WHAT THE EXERCISE ASKS: The answer is the exact run of lines in the listing below from the line containing "在清明小长假来临前的夜晚,我" up to and including the line containing "The Flower Crown", with pictures removed.

INFORMATION SHOWN:
::::
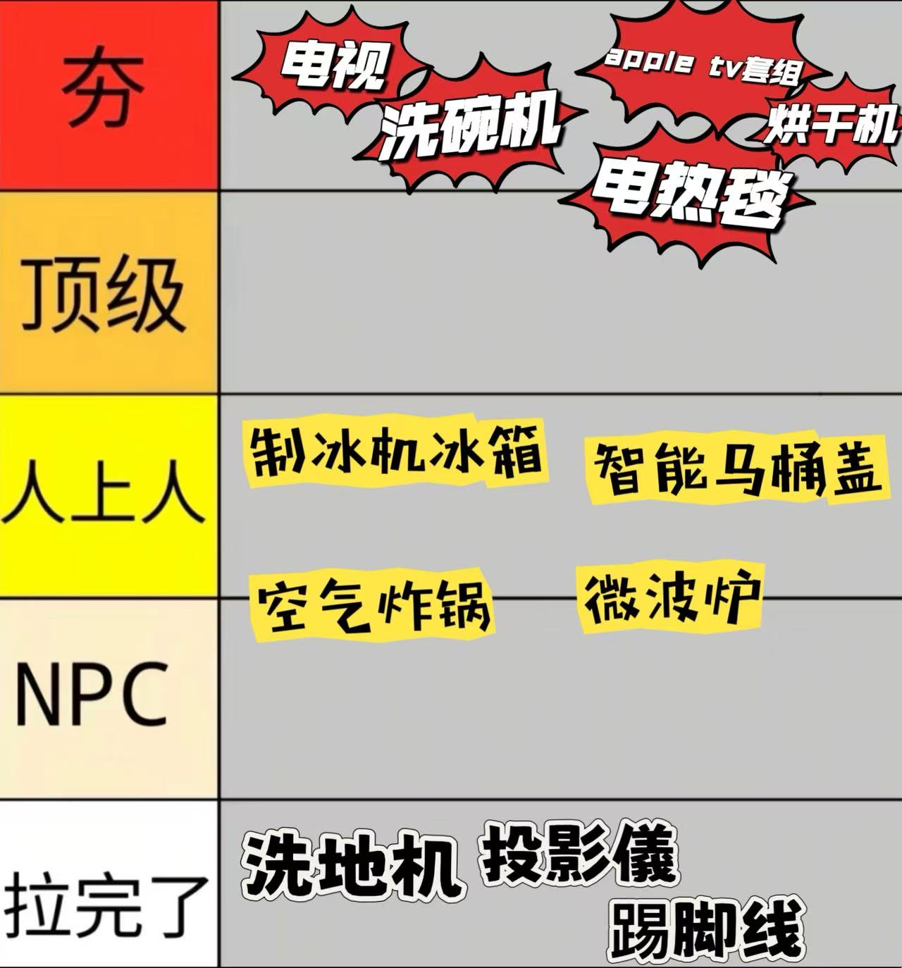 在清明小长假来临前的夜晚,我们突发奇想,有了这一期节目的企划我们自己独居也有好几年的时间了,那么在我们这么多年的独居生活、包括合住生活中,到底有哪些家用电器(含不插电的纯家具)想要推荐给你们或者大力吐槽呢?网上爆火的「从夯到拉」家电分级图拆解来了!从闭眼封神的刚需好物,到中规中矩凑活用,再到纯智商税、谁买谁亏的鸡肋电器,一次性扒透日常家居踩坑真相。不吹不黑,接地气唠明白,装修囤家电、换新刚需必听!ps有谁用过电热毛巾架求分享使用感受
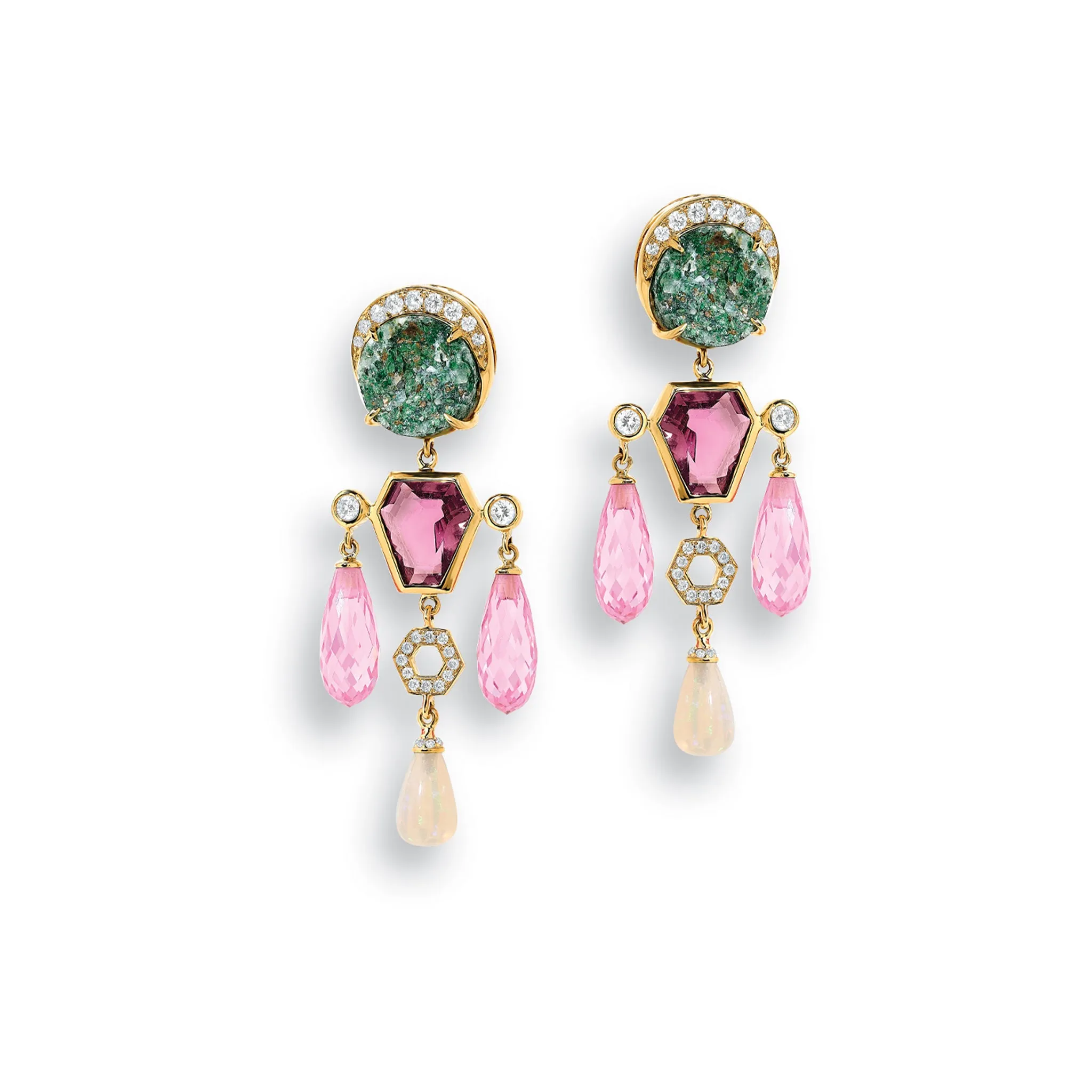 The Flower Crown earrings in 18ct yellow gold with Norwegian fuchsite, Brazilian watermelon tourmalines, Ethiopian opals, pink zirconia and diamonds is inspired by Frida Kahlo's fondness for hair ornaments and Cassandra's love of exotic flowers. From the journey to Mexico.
::::
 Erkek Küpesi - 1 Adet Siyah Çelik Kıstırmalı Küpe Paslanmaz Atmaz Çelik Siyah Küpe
::::
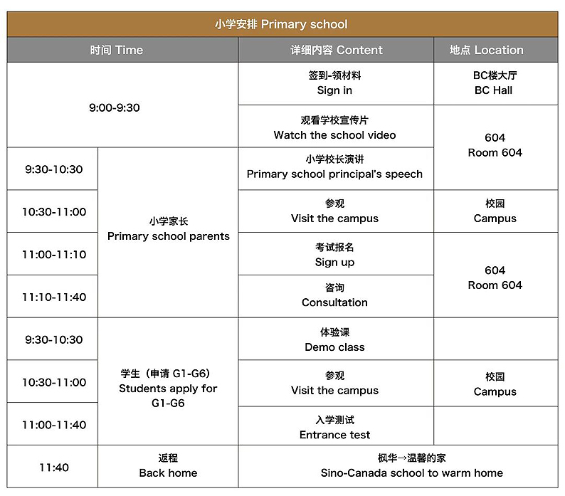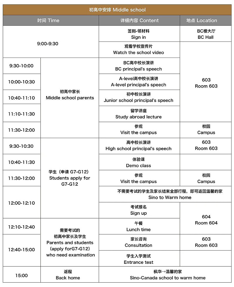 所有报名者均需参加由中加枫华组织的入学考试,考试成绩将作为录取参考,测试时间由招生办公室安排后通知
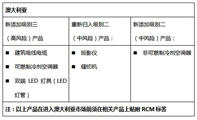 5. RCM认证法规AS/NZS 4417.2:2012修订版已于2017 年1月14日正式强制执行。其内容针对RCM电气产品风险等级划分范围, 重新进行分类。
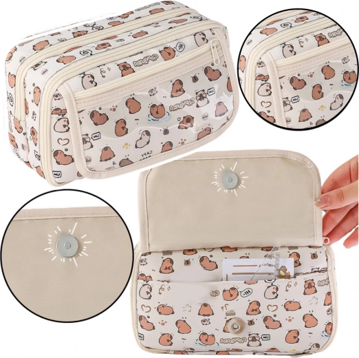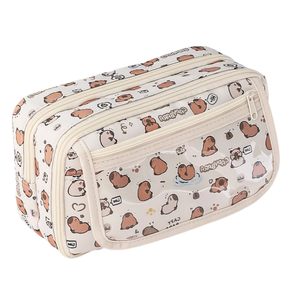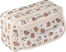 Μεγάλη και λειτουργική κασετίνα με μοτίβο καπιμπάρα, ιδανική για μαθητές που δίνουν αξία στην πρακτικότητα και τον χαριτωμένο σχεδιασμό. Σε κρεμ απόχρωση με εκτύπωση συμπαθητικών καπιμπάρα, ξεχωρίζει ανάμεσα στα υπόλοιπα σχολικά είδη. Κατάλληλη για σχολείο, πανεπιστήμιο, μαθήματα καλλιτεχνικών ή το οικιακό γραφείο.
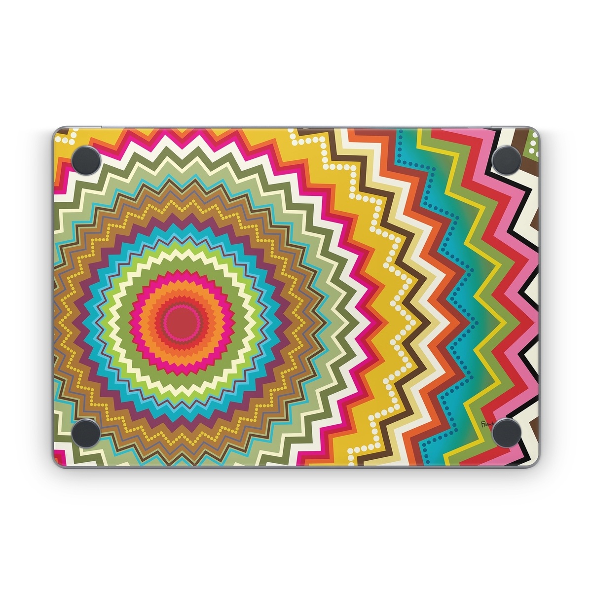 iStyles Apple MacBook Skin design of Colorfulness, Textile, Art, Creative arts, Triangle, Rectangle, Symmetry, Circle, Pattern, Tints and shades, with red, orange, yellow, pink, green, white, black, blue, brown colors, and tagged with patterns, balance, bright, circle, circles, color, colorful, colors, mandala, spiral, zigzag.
::::
RESPONSE TO THIS TASK:
 在清明小长假来临前的夜晚,我们突发奇想,有了这一期节目的企划我们自己独居也有好几年的时间了,那么在我们这么多年的独居生活、包括合住生活中,到底有哪些家用电器(含不插电的纯家具)想要推荐给你们或者大力吐槽呢?网上爆火的「从夯到拉」家电分级图拆解来了!从闭眼封神的刚需好物,到中规中矩凑活用,再到纯智商税、谁买谁亏的鸡肋电器,一次性扒透日常家居踩坑真相。不吹不黑,接地气唠明白,装修囤家电、换新刚需必听!ps有谁用过电热毛巾架求分享使用感受
 The Flower Crown earrings in 18ct yellow gold with Norwegian fuchsite, Brazilian watermelon tourmalines, Ethiopian opals, pink zirconia and diamonds is inspired by Frida Kahlo's fondness for hair ornaments and Cassandra's love of exotic flowers. From the journey to Mexico.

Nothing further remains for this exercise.